● **WHAT YOU ARE ASKED TO DO**:
For the records below, print the lines from the line with "Contains 8 coins" through the line with "केकड़ीः जिला स्तरीय" exactly as written; include both end lines and exclude the rest.

● **MATERIAL TO PROCESS**:
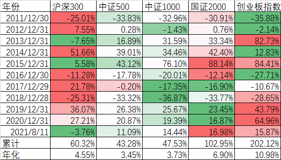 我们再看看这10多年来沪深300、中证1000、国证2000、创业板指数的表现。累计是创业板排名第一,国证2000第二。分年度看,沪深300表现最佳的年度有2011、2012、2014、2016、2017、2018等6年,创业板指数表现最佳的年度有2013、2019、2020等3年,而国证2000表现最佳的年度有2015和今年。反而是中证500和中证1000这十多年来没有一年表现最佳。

...

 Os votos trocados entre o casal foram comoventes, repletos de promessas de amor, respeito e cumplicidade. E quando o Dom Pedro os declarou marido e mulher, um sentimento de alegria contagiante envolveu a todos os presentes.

--

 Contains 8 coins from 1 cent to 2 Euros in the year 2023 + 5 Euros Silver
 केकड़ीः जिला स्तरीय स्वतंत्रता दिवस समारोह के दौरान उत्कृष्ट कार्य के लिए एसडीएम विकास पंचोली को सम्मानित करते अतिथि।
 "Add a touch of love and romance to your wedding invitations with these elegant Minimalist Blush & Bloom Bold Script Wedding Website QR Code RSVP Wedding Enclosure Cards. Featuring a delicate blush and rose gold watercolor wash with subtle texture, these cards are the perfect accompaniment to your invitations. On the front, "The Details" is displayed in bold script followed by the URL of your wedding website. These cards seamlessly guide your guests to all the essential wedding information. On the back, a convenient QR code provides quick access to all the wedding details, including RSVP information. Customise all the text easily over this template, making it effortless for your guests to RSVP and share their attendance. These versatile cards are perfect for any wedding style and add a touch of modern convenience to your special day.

● **REPLY TO THE EXERCISE**:
 Contains 8 coins from 1 cent to 2 Euros in the year 2023 + 5 Euros Silver
 केकड़ीः जिला स्तरीय स्वतंत्रता दिवस समारोह के दौरान उत्कृष्ट कार्य के लिए एसडीएम विकास पंचोली को सम्मानित करते अतिथि।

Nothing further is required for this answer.